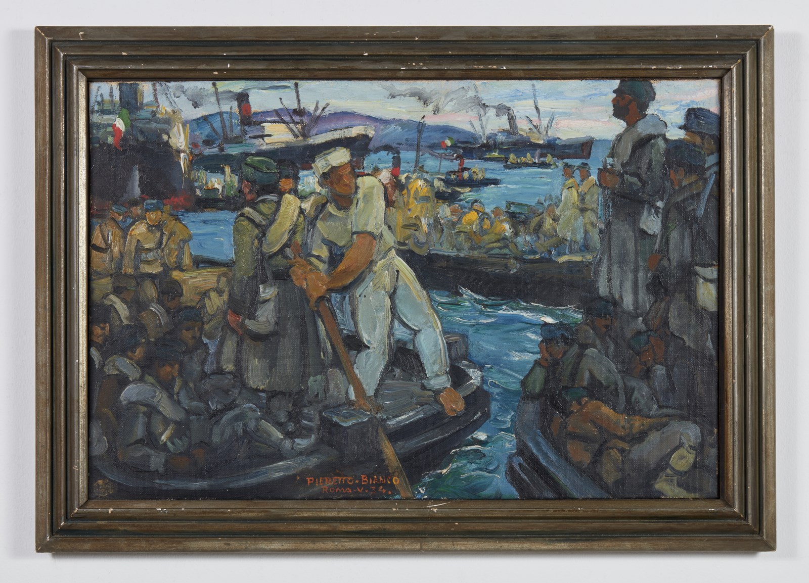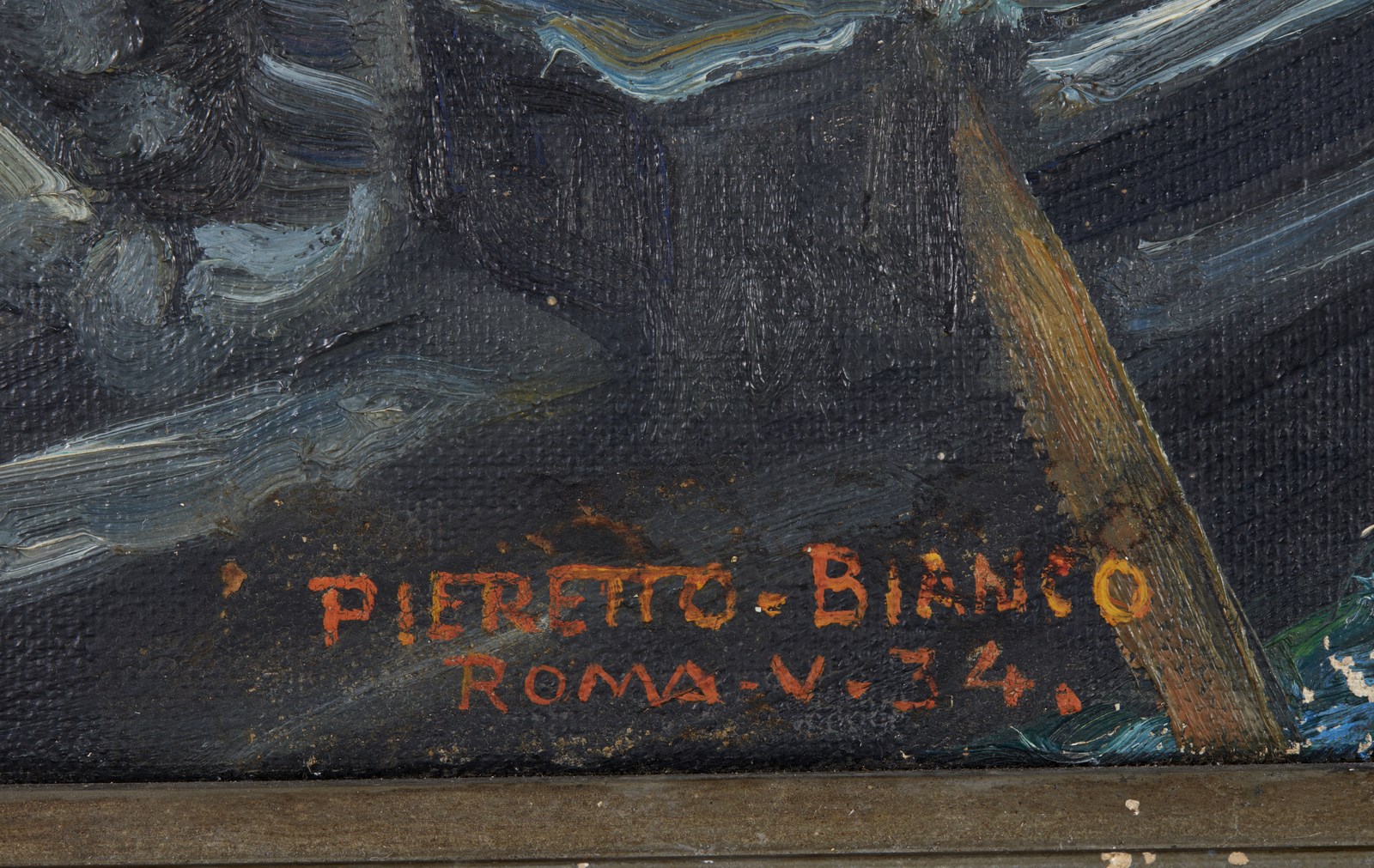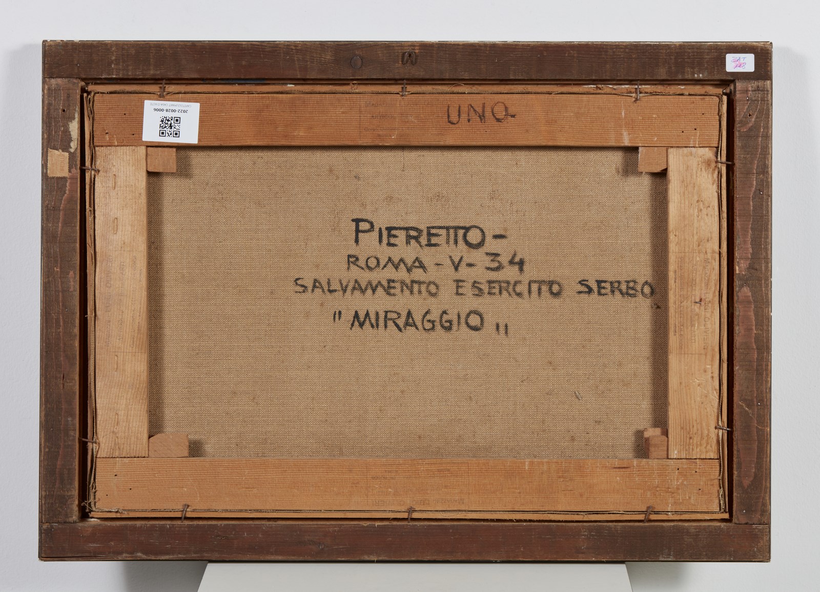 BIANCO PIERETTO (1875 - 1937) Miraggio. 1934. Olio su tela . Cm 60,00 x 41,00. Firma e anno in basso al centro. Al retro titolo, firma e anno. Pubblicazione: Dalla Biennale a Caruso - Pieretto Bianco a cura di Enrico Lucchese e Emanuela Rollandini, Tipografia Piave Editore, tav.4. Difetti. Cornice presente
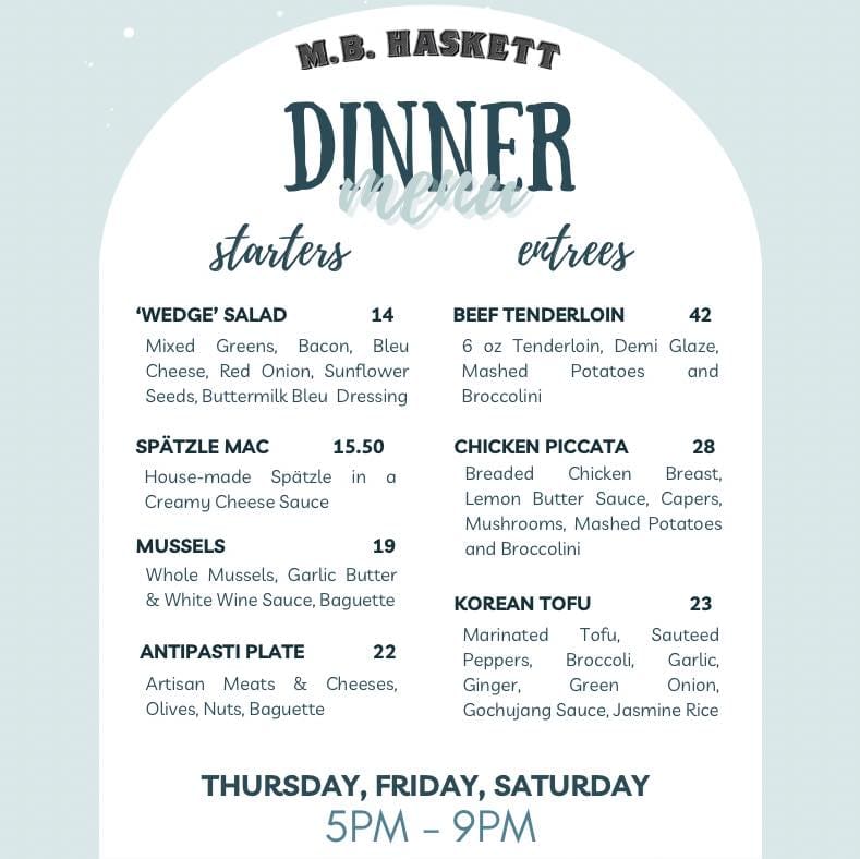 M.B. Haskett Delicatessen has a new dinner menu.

------------------------------------------------------------

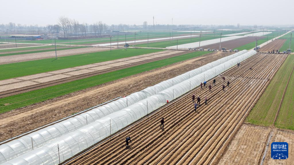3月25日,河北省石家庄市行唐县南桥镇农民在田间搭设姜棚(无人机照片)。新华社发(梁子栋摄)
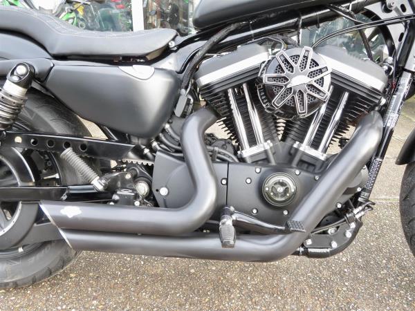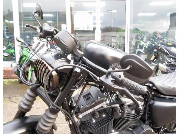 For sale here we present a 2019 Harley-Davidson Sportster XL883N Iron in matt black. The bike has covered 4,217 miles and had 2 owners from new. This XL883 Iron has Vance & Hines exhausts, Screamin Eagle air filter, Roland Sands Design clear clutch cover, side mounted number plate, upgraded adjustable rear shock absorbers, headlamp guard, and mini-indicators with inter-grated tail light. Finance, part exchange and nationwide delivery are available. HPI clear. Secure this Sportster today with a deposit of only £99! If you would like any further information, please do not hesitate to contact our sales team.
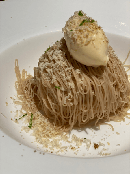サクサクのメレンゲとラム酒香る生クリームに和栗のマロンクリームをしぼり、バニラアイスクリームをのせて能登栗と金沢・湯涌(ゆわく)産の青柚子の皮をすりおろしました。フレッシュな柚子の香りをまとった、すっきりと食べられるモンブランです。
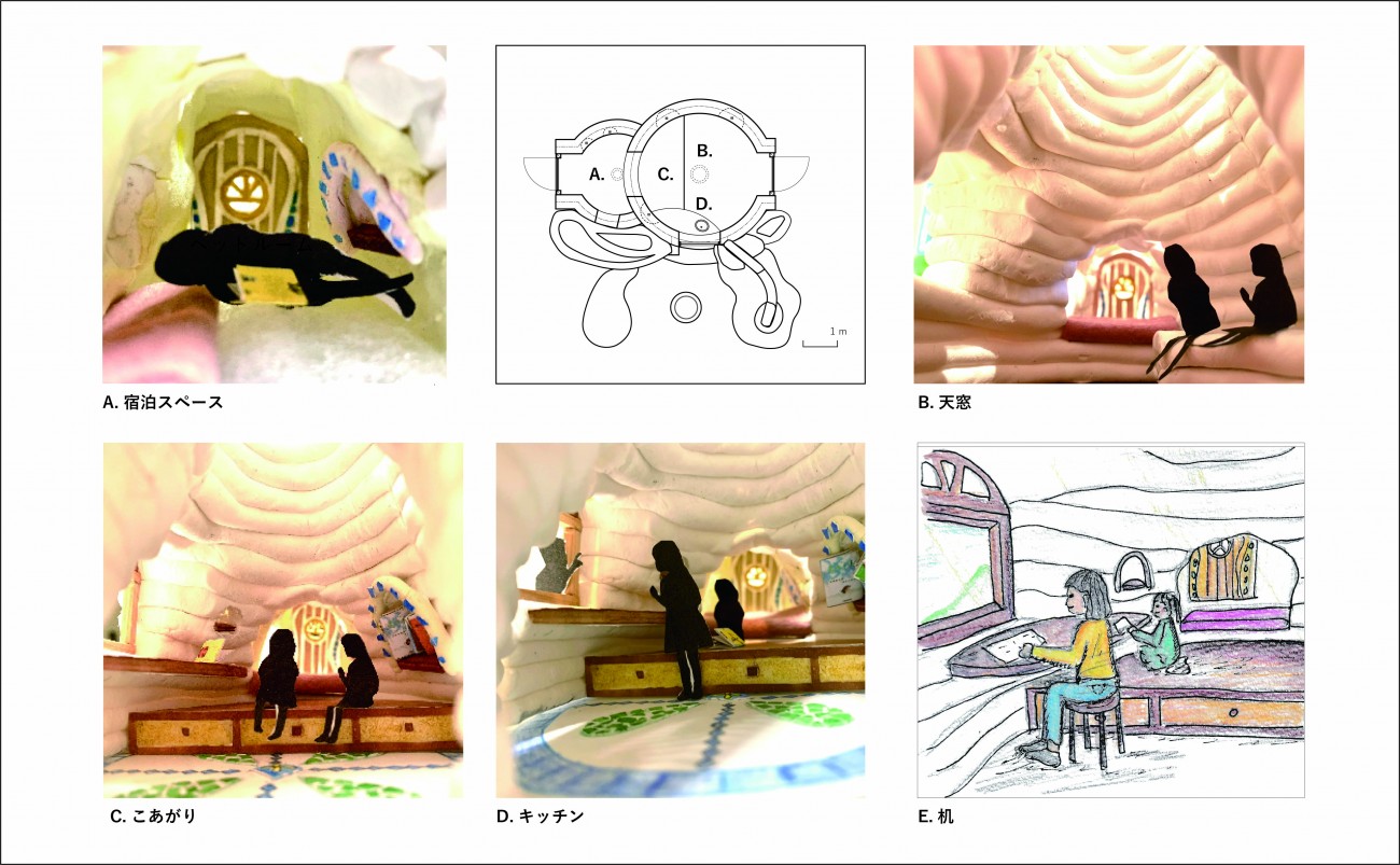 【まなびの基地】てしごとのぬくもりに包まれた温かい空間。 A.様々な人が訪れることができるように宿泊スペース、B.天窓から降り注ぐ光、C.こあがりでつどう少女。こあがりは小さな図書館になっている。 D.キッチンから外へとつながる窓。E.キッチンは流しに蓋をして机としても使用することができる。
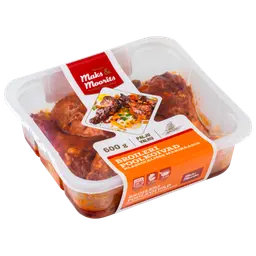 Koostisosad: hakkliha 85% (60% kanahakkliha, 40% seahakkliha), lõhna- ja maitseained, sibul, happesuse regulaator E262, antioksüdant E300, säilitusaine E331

------------------------------------------------------------

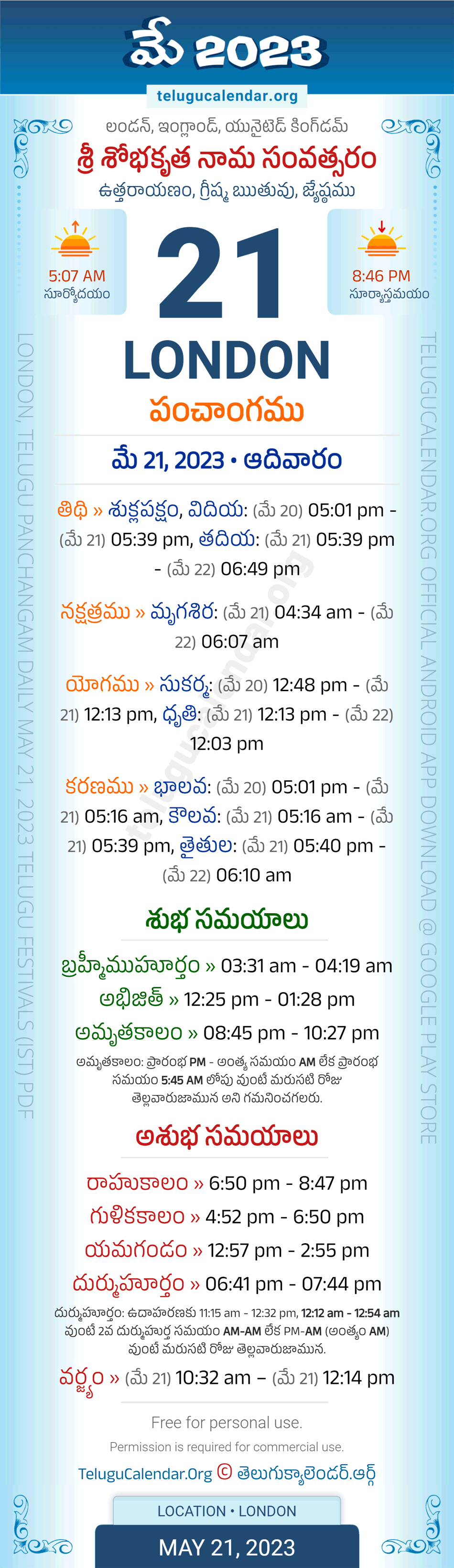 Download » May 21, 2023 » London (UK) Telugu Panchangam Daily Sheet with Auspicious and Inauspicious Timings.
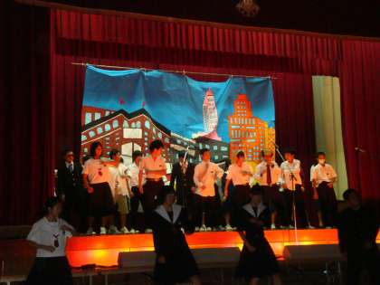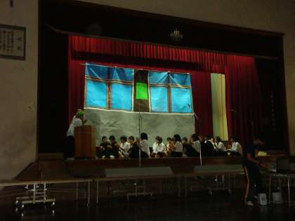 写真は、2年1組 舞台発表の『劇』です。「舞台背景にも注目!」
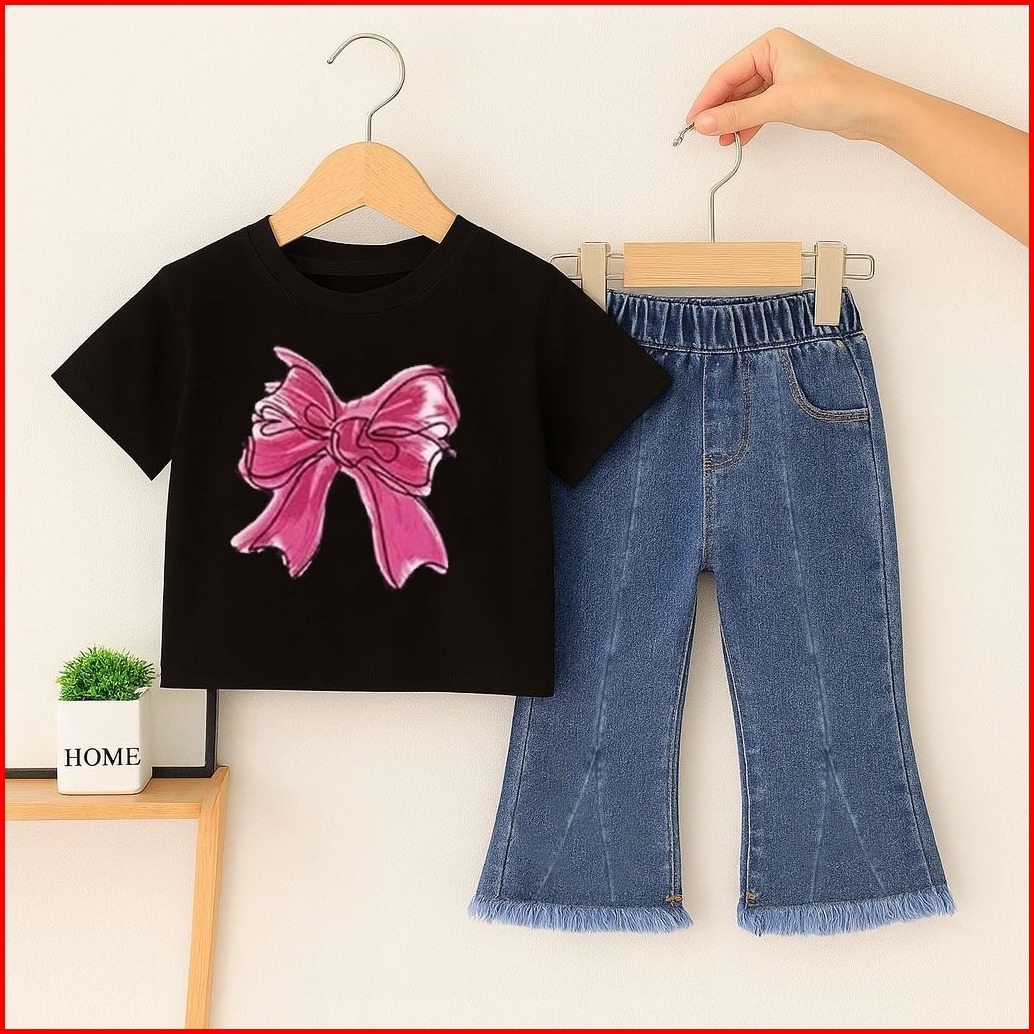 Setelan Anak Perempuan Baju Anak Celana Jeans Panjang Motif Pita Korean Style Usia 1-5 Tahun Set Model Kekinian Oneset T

------------------------------------------------------------

• **Problem to work on**:
Go to the line above holding "写真は、2年1組 舞台発表の『劇』です。「舞台背景にも注目!」", then copy exactly each line down to and including the one holding "Setelan Anak Perempuan", leaving pictures out.

• **Completed task**:
 写真は、2年1組 舞台発表の『劇』です。「舞台背景にも注目!」
 Setelan Anak Perempuan Baju Anak Celana Jeans Panjang Motif Pita Korean Style Usia 1-5 Tahun Set Model Kekinian Oneset T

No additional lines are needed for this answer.